Significantly, Dr. Farmilant did not suggest that Patterson lacks an understanding of the nature of the proceedings or of the role of the judge, prosecutors, and his defense attorneys. In any event, to the extent that Dr. Farmilant suggested that Patterson is not competent to stand trial, the evidence he cited does not support that conclusion, in this court's view. First, regarding the elevated numerical readings, Dr. Farmilant could not conclude that the anxiety, stress, and depression from which Patterson suffers is significantly more severe than that experienced by the average person being held in custody while under federal indictment. The court assumes that facing indictment on narcotics and weapons charges would generate anxiety and depression in many, perhaps most, individuals. Nor is paranoia an unusual or pathological reaction to criminal charges. Patterson's history may give him particular cause for anxiety, depression, and paranoia. Dr. Farmilant acknowledged that he can not say that Patterson's scores on these measures are greater than those of other defendants facing trial, however. The court is not prepared to assume a defendant is incompetent for these reasons.

Dr. Farmilant's credibility suffered, in this court's eyes, by his characterization of Mr. Patterson as a "highly moral" person. Dr. Farmilant offered this opinion despite, or perhaps because of, Patterson's disclosure that he is a gang leader responsible for enforcing loyalty and disciplining fellow gang members for "violations." In discussing the matter of Patterson's morality, Dr. Farmilant himself cited Patterson's statement that "the world is full of pit bulls and somebody has to hold the leash," an apparent reference to Patterson's responsibility for disciplining fellow gang members. When pressed further regarding Patterson's past convictions, Dr. Farmilant stated that it was his belief that Patterson had broken the law on some occasions, but that he had done so in the name of morality. As a psychologist, Dr. Farmilant is free to entertain the possibility that criminal conduct may be understood or explained as a function of misguided good intentions. This court, however, is not prepared to conclude that a defendant's belief that his unlawful conduct is justified excuses him or renders him incompetent under relevant legal standards.

In addition to the testimony of Dr. Farmilant, the defense presented a report prepared by a Dr. William Hillman, a clinical psychologist who has conducted approximately 25 competency examinations. Relying heavily on Dr. Farmilant's diagnosis of post-traumatic stress disorder, Dr. Hillman expressed his opinion that Patterson is unable to appreciate the importance of his criminal trial, and thus unable to assist his counsel in the preparation of his defense. On this point, Dr. Hillman concluded that Patterson "believes that his trial is a forum to present himself as a victim of a corrupt system and this notion interferes with his ability to cooperate with a system which he believes to be out to get him." (Report of Dr. William Hillman, dated June 22, 2005, at 3-4.) According to his testimony, Dr. Hillman based this conclusion on the fact that Patterson "has his own notions about what should happen in his defense," and that "[t]hese notions aren't consistent with [those of] his lead attorney at this time." (Transcript of Competency Hearing, June 27, 2005, at 38-39.) He cited Patterson's occasional unwillingness to accept direction from his attorneys, and his occasional outbursts in court, as "a central feature" of his incompetence. ( Id. at 68-69.) Nevertheless, Dr. Hillman stated that during his examination, Patterson "was cooperative, attentive, and alert." (Hillman Report, at 3.) He also found Patterson to be "oriented and articulate about the circumstances related to his current charges and his defense." ( Id.)

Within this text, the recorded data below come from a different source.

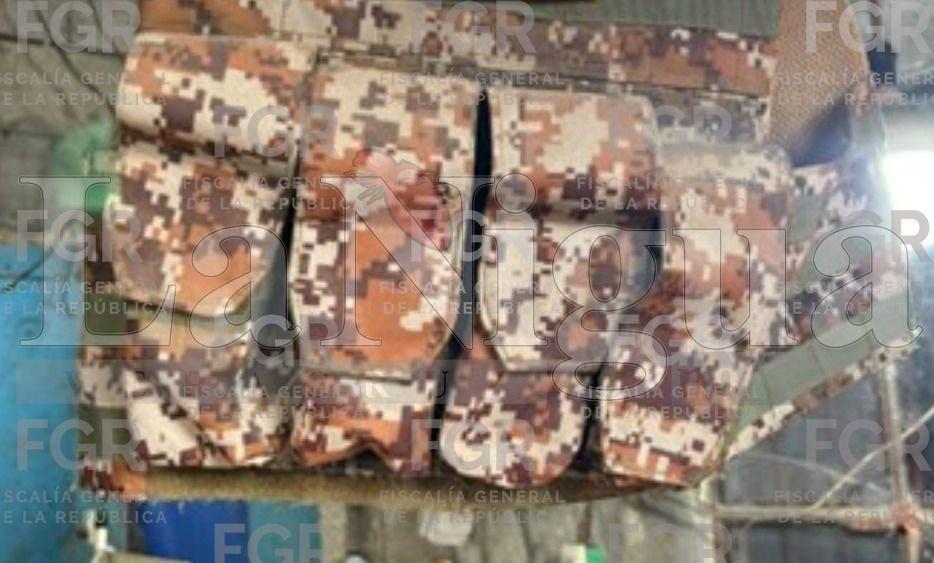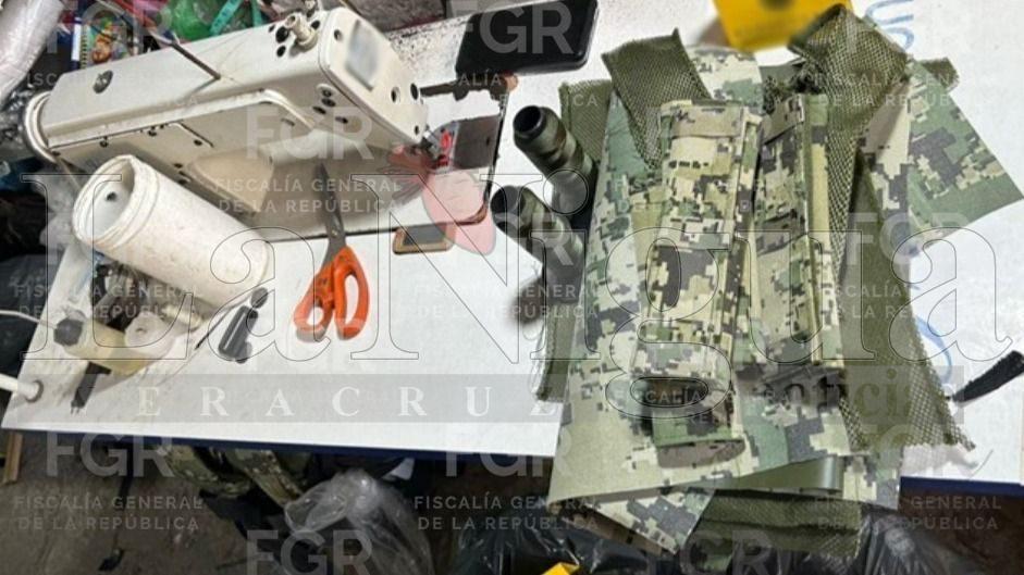 Las autoridades que conforman el Gabinete de Seguridad del Gobierno de México aseguraron seis máquinas de coser tipo industrial, una máquina cortadora de tela, seis chalecos verdes camuflados, seis chalecos color negro, algunos con insignias de la Policía Estatal, un chaleco verde con café camuflado, un rollo de tela color café con verde y rojo camuflado, un tramo de tela bordado con el nombre de una institución de las Fuerzas Armadas de México.
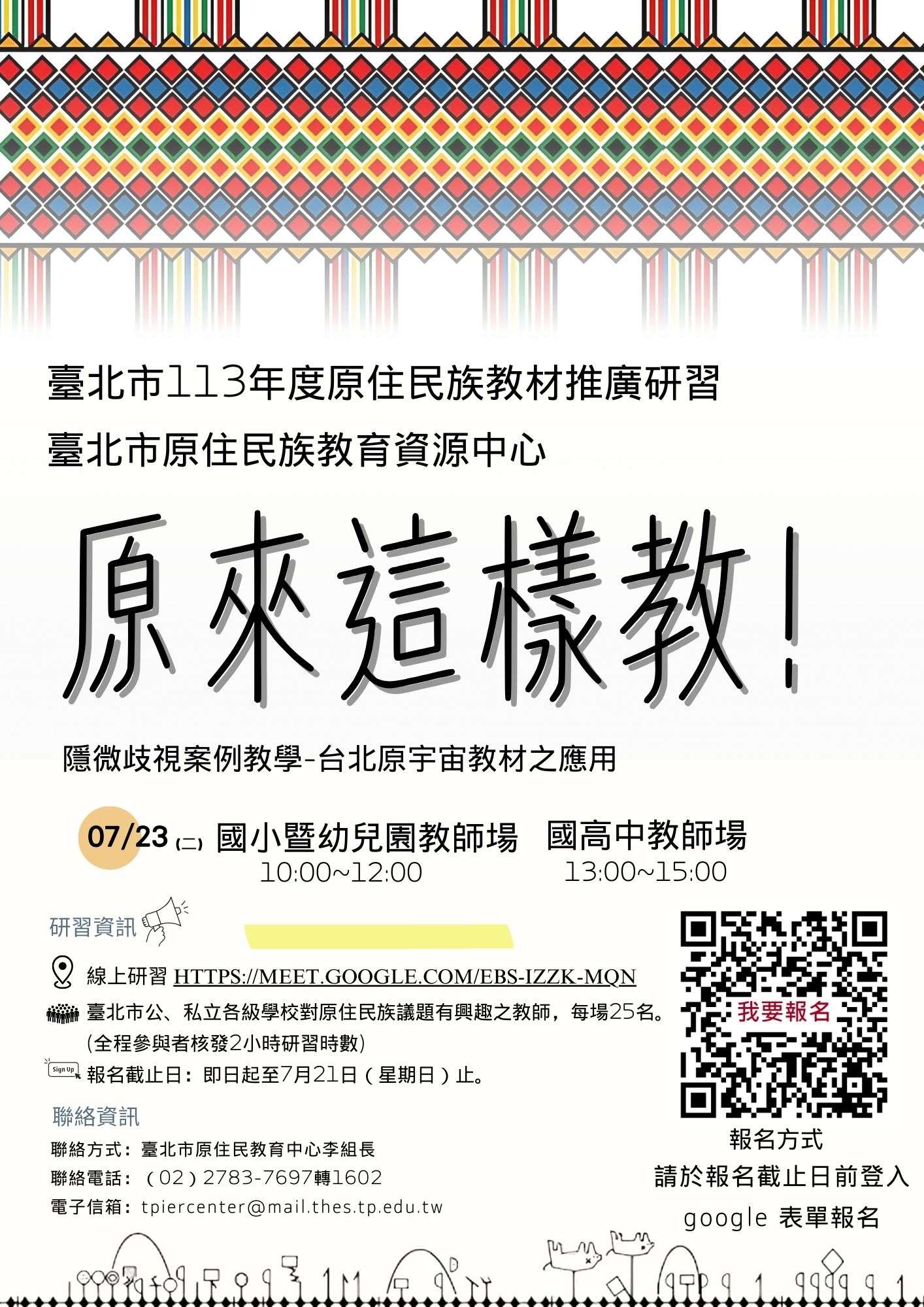 轉知本市原住民族教育資源中心「隱微歧視案例教學-原住民族教材推廣線上研習實施計畫」,請有興趣教師自行報名線上課程,詳情請參閱附件。
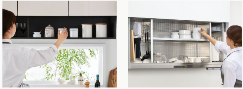 メーカーには逆転の発想から生まれた跳ね上げ式の吊戸の扉は、名門キッチンメーカー
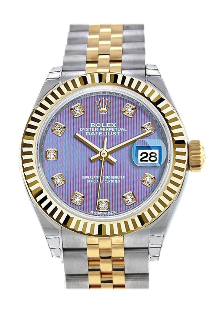 Rolex Datejust 28 Lavender Diamond Dial Fluted Yellow Gold Two Tone Jubilee Ladies Watch 279173
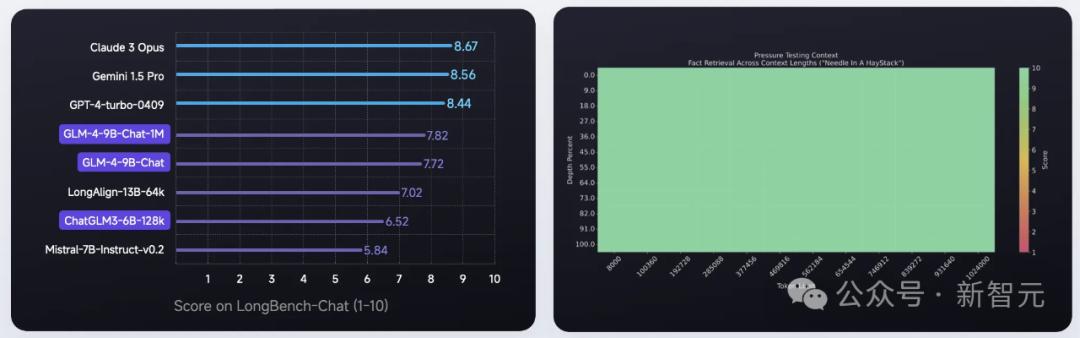 在长度为128K的LongBench-Chat上,GLM-4-9B-Chat模型相比上一代提升了20%。同时,在长度为1M的大海捞针测试中,GLM-4-9B-Chat-1M获得了「全绿」的成绩。
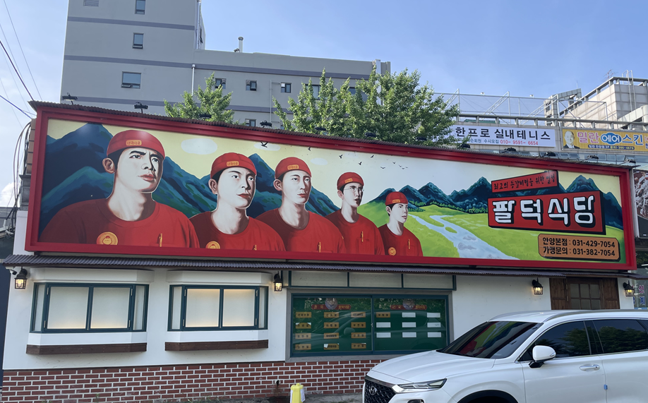 뭔가 북한같은 느낌...! 이런 레트로한 감성이 팔덕식당의 컨셉인 것 같아요.
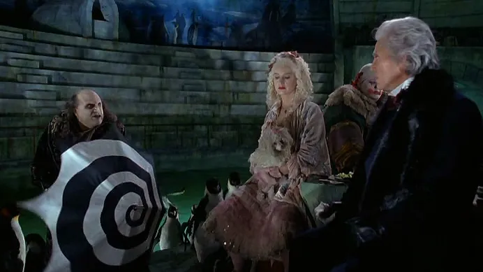 Бэтмен и Пингвина встречаются на улицах Готэма. Киношные фразы.
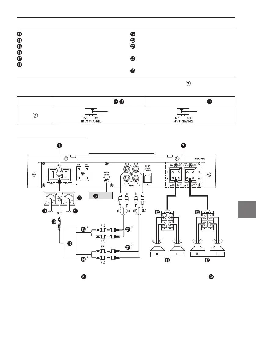 Для устройства HDA-F60 измените настройку переключателя входного канала ( ) в соответствии с
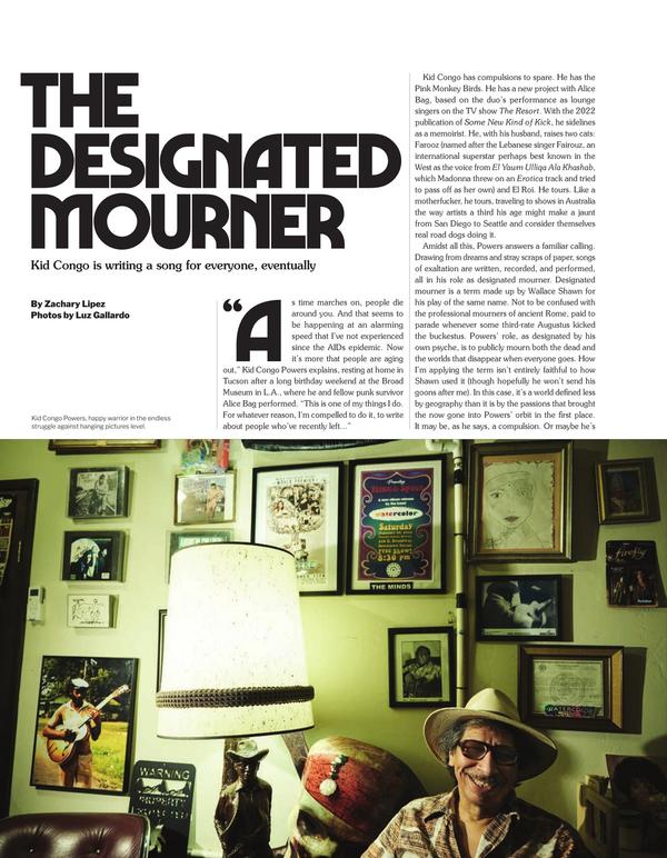 "As time marches on, people die around you. And that seems to be happening at an alarming speed that I’ve not experienced since the AIDs epidemic. Now it’s more that people are aging out,” Kid Congo Powers explains, resting at home in Tucson after a long birthday weekend at the Broad Museum in L.A., where he and fellow punk survivor Alice Bag performed.
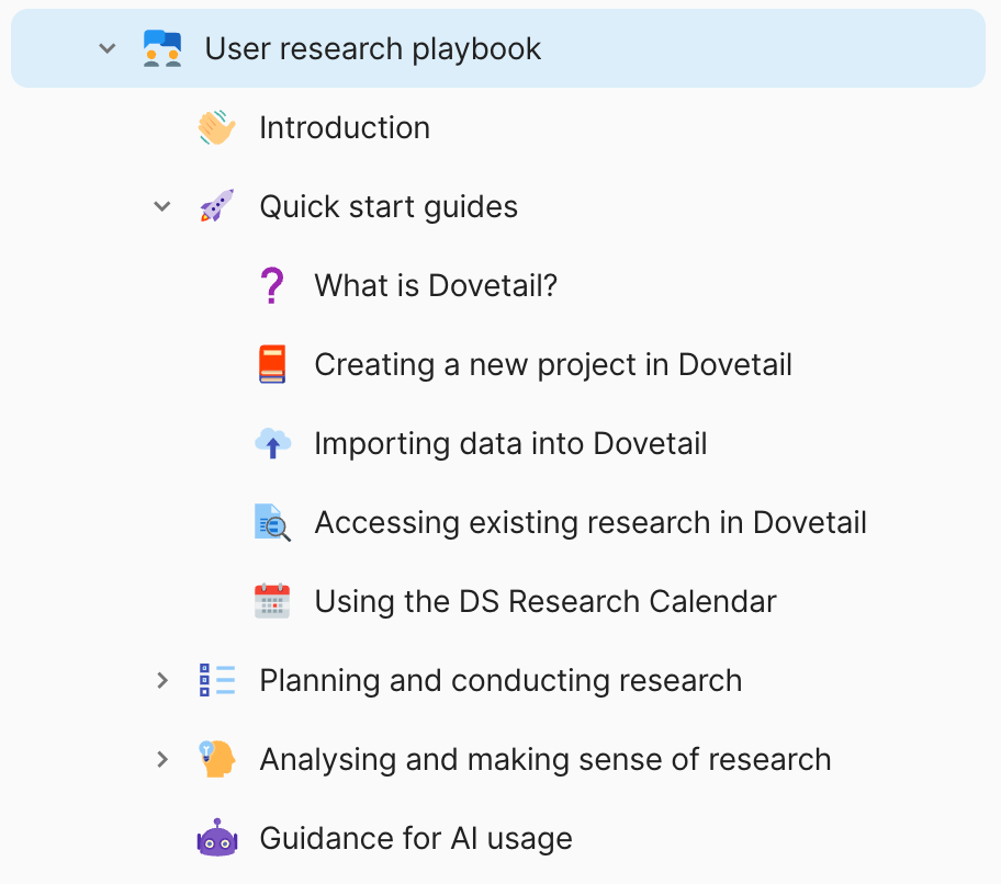 Beyond ensuring organisation-wide access, we’ve created the following artefacts to ensure consistency and scale up good research decisions:
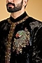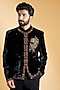 Featuring a black bandhgala in silk velvet base. Style it with pants and loafers for a festive occasion, sangeet or engagement ceremony, exuding charm and elegance.

The court is not persuaded by Dr. Hillman's conclusions of lack of competence. First, Dr. Hillman did not independently diagnose Patterson as suffering from PTSD; rather, he relied on Dr. Farmilant's conclusions and diagnosis. Dr. Hillman made clear during his testimony that in order to confirm the diagnosis he would need to see Patterson again. (Transcript, June 27, 2005, at 28.) For the reasons explained earlier, the court concludes that the fact that Patterson suffers from PTSD, despite its severity, does not render him incompetent. Dr. Hillman conceded under cross-examination that Patterson's conflicts with his attorneys would not, standing alone, have led him to the conclusion that Patterson was incompetent to stand trial in the absence of his clinical history and PTSD diagnosis. (Transcript, June 27, 2005, at 39.)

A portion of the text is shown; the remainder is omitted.